Later that evening, after a day of not getting anything done and feel like a complete loser for it, I sit down to watch some mindless TV. The dogs are roughhousing a few feet in front of me and I have the water bottle for when things get too rough. Next thing I hear is a yelp and the puppy jumps onto the couch next to me. She looks at me and then jumps back on top of Ruby for some more playing. I look down and notice there’s a fair amount of blood on the cushion and me.
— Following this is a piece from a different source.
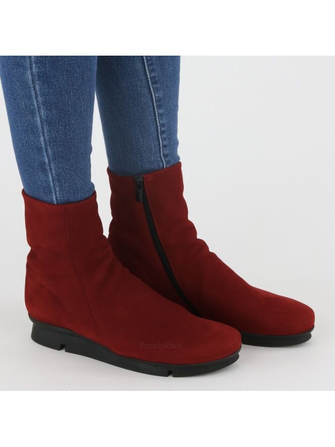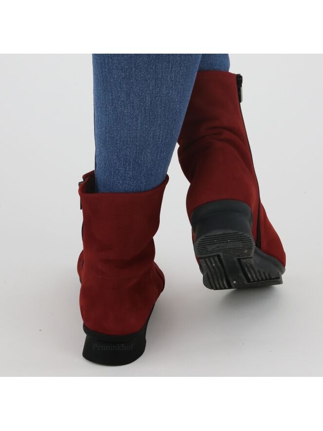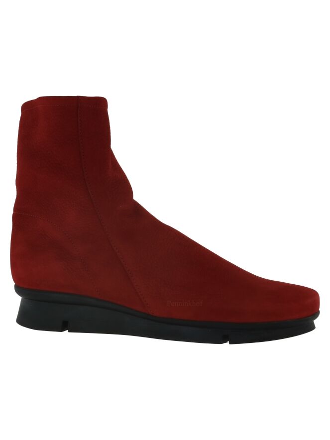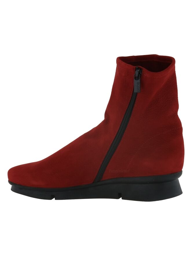 Een enkellaarsje van Arche in de kleur rood. Het laarsje heeft een iets verhoogde sportieve latex zool in de kleur zwart. Aan de binnenzijde is een zwarte rits. Het laarsje heeft een ronde neus en de binnenkant is ongevoerd.

OMFG what has happened?!?!? I get Lilith and see that her ear has been torn. She still wants to play. I try to put pressure on her ear but that hurts her and she starts trying to get away from me and now she’s shaking her head. Ears are incredibly vascular which means they bleed a lot. 

A LOT.

I try to remain calm, but it’s 10:30pm. Why do these things only happen after business hours? I start contemplating if a trip to the doggie ER is necessary. From past experience they will stop the bleeding and send us home. That will cost about $700 at the place near me. I’m freaking out at this point. The puppy is fine, she wants to play. Ruby feels horrible. I feel horrible. I’m covered in blood and I know I am not going to get any sleep tonight. I start laughing and then I start to cry because I’m exhausted, worn out, burnt out and don’t know what else to do. 

I am not freaking my daughter out because I am covered in blood and I am laugh/crying. She thinks I am hurt and I try to tell her I am fine through my sobbing snorts.

I have to take the puppy to the doggie ER, but will need someone to hold her while someone else drives. My daughter does not have her driver’s license yet, and there is no way she can hold her with the blood. I call my son but I am still laugh/crying and I freak him out. 

“I’m coming right over, mom!”

“Wait,” I say. “Let me tell you what has happened so you don’t panic.”

I explain what happened through tears, he remains calm and gets to the house within a few minutes. I change, because my white shirt is mostly red now, into something I know will also get stained and we head out.

I have stopped cry/laughing – mostly crying at this point.

All the staff at the after hours care are wonderful. They coo at the puppy and give her all the attention she wants. They stop the bleeding, wrap her head in a sock and give her the cone of shame. 

It is 2am when we finally get home.

Lilith and Ruby both go right to sleep, I am too wired for sleep. 

The next day, I am dragging my ass because I haven’t slept much and thankfully both dogs are tired. It may have been the excitement of the previous evening or it might be the heat. Either way I am grateful that I don’t have to shout “No” and “Don’t eat that!” all day and can take a little nap.

The cone of shame hasn’t slowed her down a bit. In fact, it makes it even easier for her to put random things into her mouth – she just scoops whatever stick or toy she wants into the cone and then starts chewing it.

She’s completely adapted to the Cone of Shame, doesn’t even notice it for the most part. She hasn’t tried to get it off and she goes about her business (jumping on Ruby) with all her might. Here she is splooting.